8 今後の相談
疑問が残った加護の確認のあと、プリエステスと一緒に今後、どうしたらよいのかを相談する。
プリンスは死んでいるので、俺は別の人として生きていかねばならない。
それは、プリンスという権威から外れて生きるので、今までのような経済的な自由はなくなるだろう。働いてお金を稼ぐ必要が出てくる。王家の者以外はみんなしていることだ。
また、王家という権威、いわば、しがらみがなくなるので、自由に生きることができる。妹がしたかった生活だ。
俺は王位について立派な政を行い、国を発展させることが使命だと思っていた。
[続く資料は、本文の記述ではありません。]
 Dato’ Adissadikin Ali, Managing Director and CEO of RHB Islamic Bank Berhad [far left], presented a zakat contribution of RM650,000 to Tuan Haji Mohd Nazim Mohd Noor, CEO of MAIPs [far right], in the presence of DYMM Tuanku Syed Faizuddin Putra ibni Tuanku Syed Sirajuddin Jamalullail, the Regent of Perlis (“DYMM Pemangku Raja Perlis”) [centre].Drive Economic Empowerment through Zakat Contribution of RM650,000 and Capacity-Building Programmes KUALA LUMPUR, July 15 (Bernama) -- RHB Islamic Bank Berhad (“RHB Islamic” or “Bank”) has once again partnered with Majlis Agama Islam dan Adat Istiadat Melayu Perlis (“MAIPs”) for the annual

その俺が自由の身になり、自由な生活を夢見ていた妹が、今のままだと王位につかなければならない。皮肉なものだ。
プリエステスにこれからどうするのかを聞くと、一度首都に戻り、現王、プリンセスに、ことの次第を報告をしなければならないという。
首都には既にプリンスが亡くなった報告と遺品の剣が送られている。実は生きているのだから、そのことをきちんと報告しないわけにもいかない。かってに取ってしまったとはいえ、宝物庫のハイエリクサーで命を吹き返したという報告をして、顔を立ててあげないとプリンセスもかわいそうだというのだ。
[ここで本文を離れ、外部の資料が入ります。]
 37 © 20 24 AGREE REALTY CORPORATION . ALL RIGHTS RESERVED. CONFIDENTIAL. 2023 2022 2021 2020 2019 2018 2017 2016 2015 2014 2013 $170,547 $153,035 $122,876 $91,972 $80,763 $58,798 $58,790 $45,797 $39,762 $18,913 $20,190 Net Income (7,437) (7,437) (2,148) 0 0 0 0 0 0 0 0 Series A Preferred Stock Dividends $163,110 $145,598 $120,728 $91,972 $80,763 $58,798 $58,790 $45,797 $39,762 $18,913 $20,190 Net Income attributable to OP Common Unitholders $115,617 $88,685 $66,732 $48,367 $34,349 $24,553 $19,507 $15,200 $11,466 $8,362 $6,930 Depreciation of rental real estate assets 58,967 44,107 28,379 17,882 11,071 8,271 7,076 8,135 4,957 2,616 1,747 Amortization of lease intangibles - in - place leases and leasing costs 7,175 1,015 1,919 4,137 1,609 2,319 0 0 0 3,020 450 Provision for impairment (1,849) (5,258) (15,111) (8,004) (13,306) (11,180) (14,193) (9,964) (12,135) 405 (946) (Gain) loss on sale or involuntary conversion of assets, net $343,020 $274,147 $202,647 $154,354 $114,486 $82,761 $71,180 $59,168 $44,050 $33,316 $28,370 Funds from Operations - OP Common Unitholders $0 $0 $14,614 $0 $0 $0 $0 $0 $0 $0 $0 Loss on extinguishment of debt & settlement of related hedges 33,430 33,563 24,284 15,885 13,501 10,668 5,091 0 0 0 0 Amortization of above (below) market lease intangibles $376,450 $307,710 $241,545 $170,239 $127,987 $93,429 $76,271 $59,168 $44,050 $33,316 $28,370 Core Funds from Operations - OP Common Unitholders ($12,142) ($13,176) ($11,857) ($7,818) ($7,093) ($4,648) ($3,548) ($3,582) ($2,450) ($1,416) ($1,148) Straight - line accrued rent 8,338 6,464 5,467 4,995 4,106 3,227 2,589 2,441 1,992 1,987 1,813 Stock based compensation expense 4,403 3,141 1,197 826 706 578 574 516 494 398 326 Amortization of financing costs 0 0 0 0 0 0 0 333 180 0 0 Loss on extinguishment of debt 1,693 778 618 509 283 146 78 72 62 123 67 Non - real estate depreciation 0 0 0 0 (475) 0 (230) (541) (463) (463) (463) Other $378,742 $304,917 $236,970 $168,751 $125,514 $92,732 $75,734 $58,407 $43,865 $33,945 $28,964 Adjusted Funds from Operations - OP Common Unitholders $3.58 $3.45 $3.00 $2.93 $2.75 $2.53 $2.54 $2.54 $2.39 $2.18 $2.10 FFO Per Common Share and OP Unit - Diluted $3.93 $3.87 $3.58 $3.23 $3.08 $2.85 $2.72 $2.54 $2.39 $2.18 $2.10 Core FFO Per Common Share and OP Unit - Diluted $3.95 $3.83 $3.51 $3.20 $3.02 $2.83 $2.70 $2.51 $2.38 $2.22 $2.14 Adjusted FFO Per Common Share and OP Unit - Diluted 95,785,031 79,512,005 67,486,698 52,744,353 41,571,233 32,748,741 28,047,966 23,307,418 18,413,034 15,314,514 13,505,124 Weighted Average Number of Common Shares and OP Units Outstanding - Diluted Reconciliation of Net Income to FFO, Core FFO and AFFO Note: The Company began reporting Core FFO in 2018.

報告を終えたあとはまたトリアルに戻るので、戻ったあとは俺に任せるという。
俺は頭の中を整理して、まずは二つのわからないことを明らかにしようと決めた。
一つは、俺を殺そうとした二人は誰の指示を受けたのか、黒幕は誰かということだ。目的は噂にあるような国の乗っ取りなのか、それ以外なのかは、今はわからない。黒幕が分かれば、目的もはっきりするだろう。
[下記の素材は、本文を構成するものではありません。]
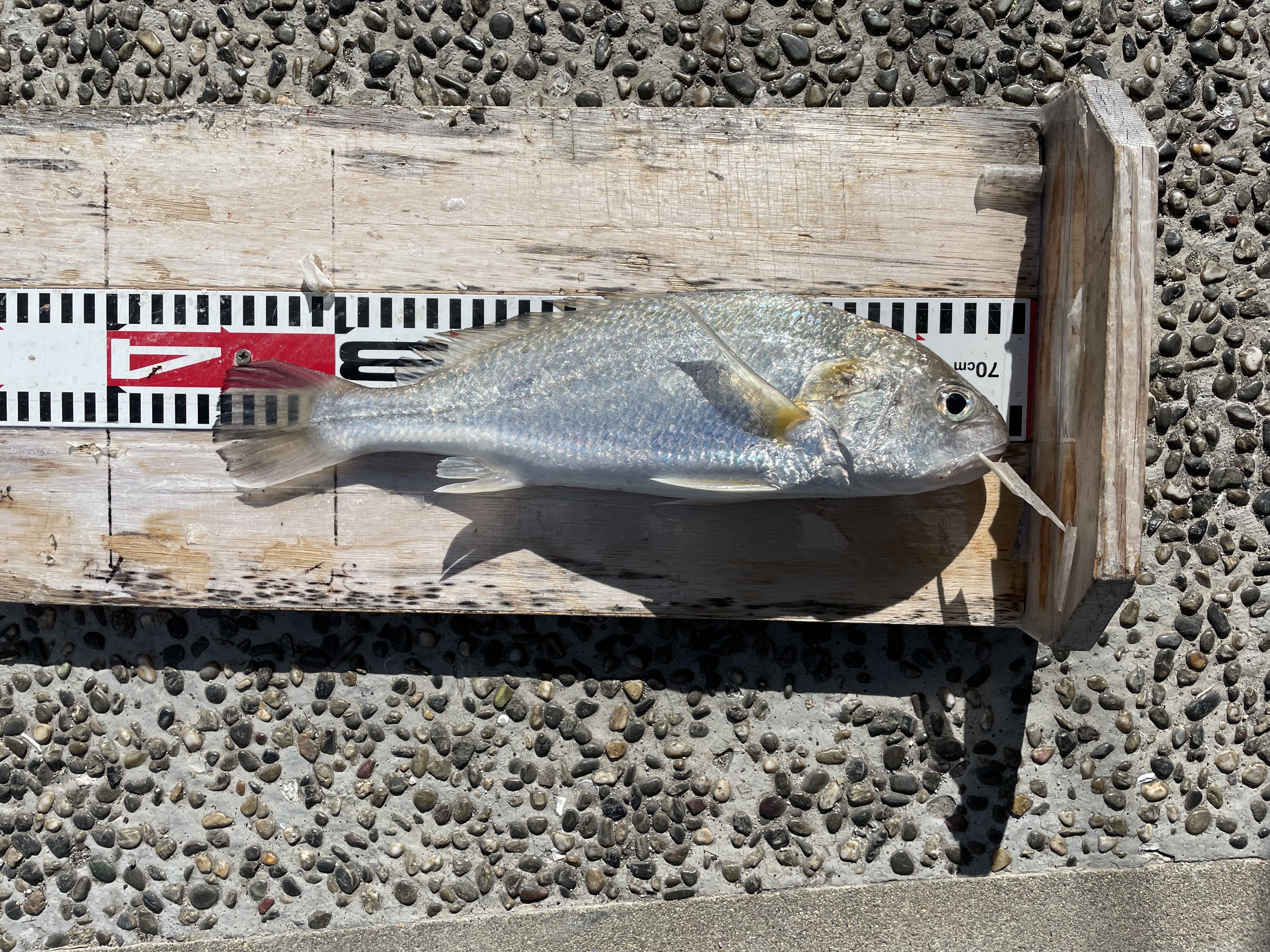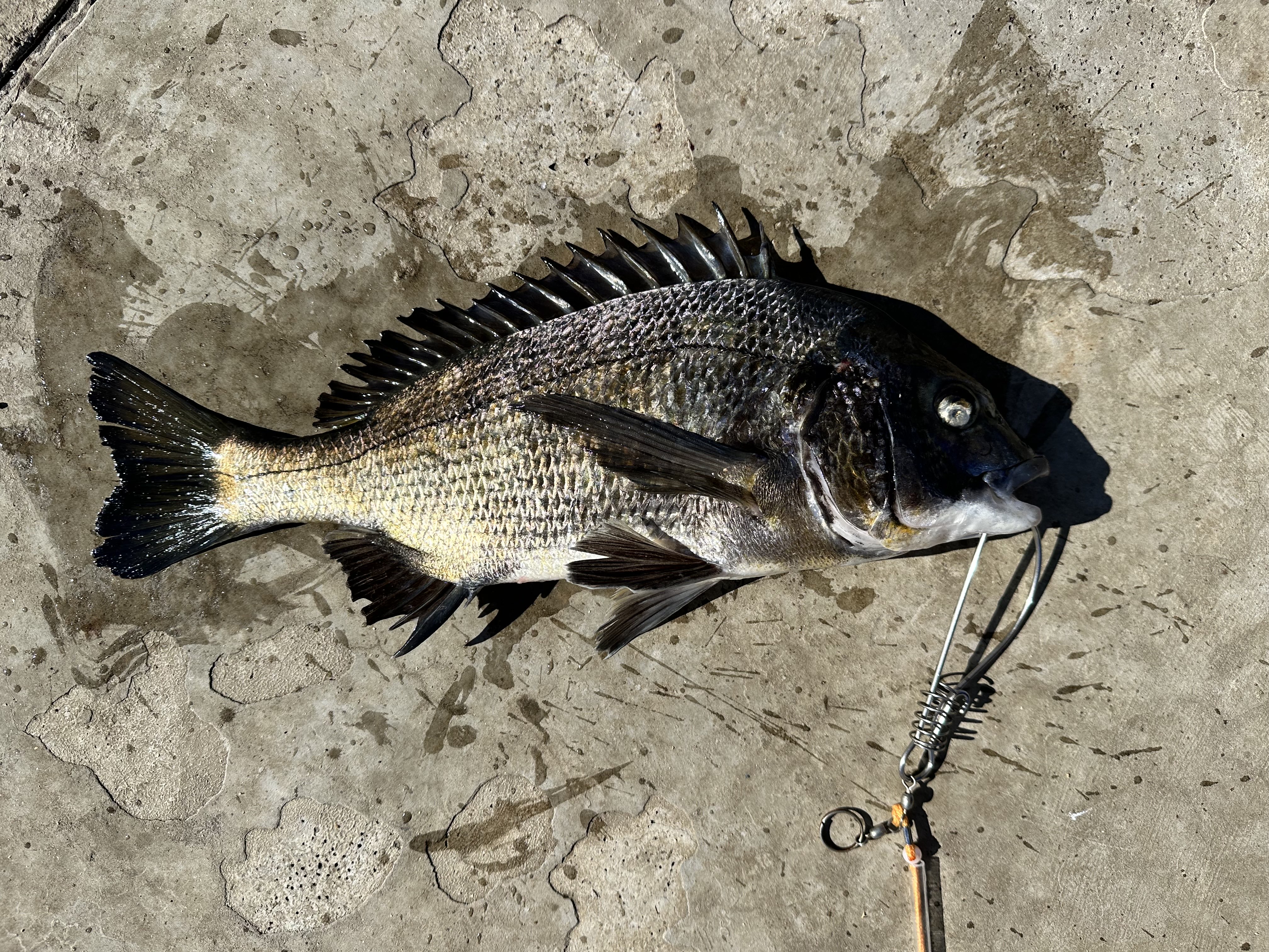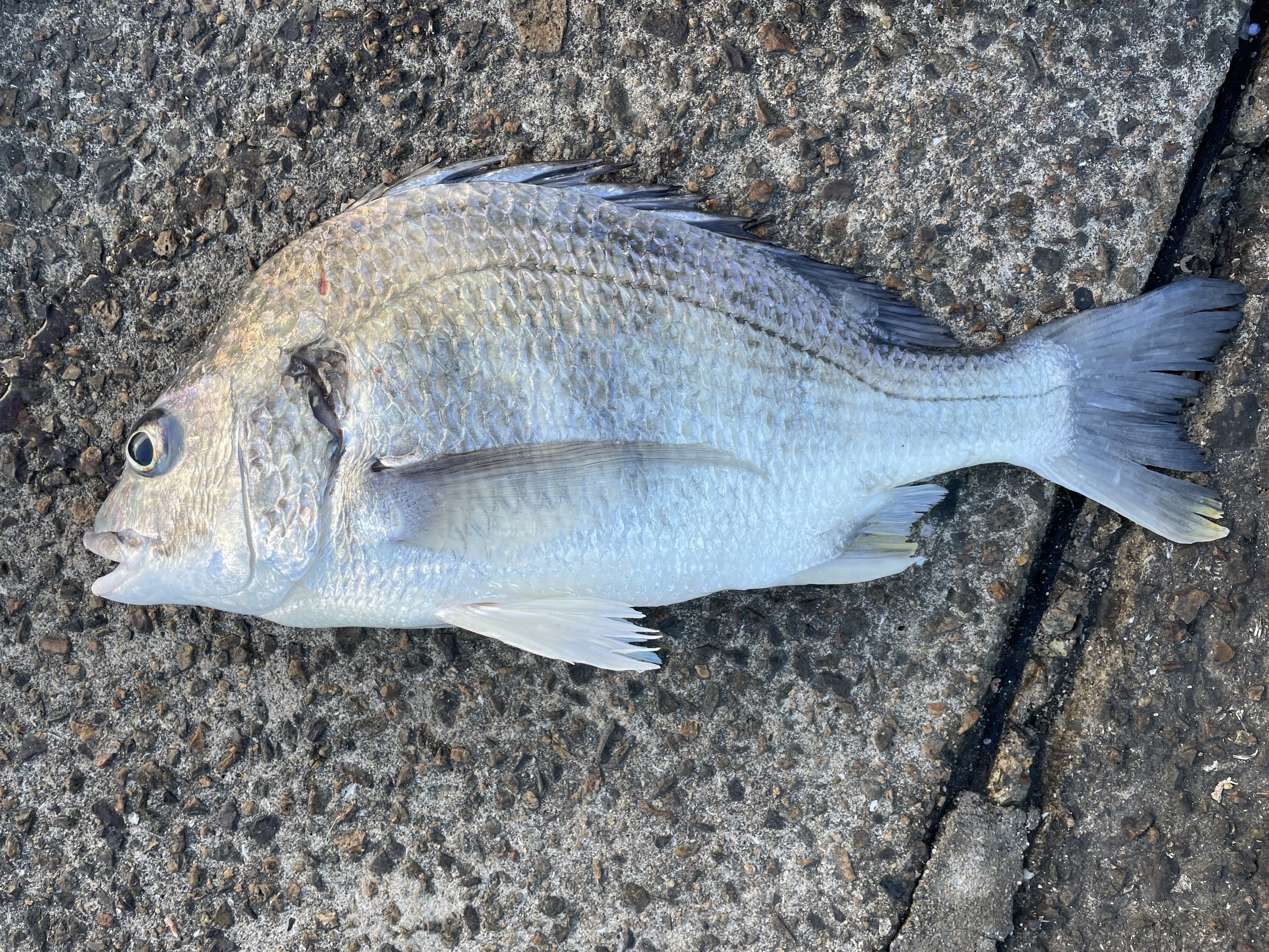 オキアミ餌の探り釣りで42㎝キビレチヌ釣れています。

もう一つはプリエステスの読めない二つの加護はなにか、どのような能力が発動するのか、ということだ。王家の加護よりも上位に位置しているので、証明乃杖で加護を調べられても、水晶をこすらない限り、俺が王家の人間だと知られることはないだろう。
俺はそのことをプリエステスに説明したあと、この二つの謎を解明するために、探索者となって旅をしようと思うと話した。するとプリエステスは、それでは一緒に旅をしてもいいですか、と俺に問う。
プリエステスには命を救ってもらったし、回復魔法を使える者がいれば、なにかと助かる。断る理由などなかった。
「それでは首都から帰るのをトリアルで待っているよ。一緒に旅に出よう。待っている間に、いろいろ用意をしておくから」
俺がそう言うと、プリエステスは、小さく二回うなずき、待っていてくださいね、そう言って首を少し傾けて笑った。